Anyway, this is slighltly off the OP argument on retention of pre Age-switch civs into the next era.
So to take it back on the line, it should be what if your civ is NEAR one of those goals, what would happen to your cities, would
be a better argument.
 
I think if you intend to end the game in Antiquity, you choose to play a one era game when starting and get the appropriate victory conditions for that age. It might be that these are the same as the legacy path goals, but we don't know.
 
I think he's meaning we evolved from fish naturally over time, rather than there being some overnight intervention like an alien genetics programme or something that acted as an era transition from when we were fish to when we became humans.
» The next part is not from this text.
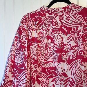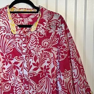 Pappagallo 3/4 Sleeve Button Up Top Women 3X Pink Yellow Tropical Peekaboo Cuffs

However, I love your post, it's truly mad and I'm here for it. I want all of what you've said in Civ 😁

And I think @notNamed is not entirely correct either, as we are as much ancient fish as some modern fish are by ancestry and indeed genetics. Technically, we are both fish and human by taxonomy, but the bit that matters really for a conversation is the frame of reference we are using, and rarely is there a frame of reference that comes up outside of geological ancestry where its useful to describe humans as fish.
Oh well, look up Andy Hall, I just like him, think there is much more to ancient myths than just lore.
 
Humankind figured out how the player could keep their culture. I don't see why Civ7 couldn't do the same.

I would love the option to bring my Civ into the next Era. As a balancing act, since in the new era your old Civ won't have any buildings and bonuses, you instead get increased XP for commanders and your leader, sort of playing on the idea that your long age civilization is now a well oiled machine.
 
Humankind figured out how the player could keep their culture.
I'm skeptical it made it viable. Granted, I played about four games of Humankind before uninstalling it and never looking back, but I never found the option tempting. Also, HK's solution of giving bonus fame points wouldn't apply to Civ7.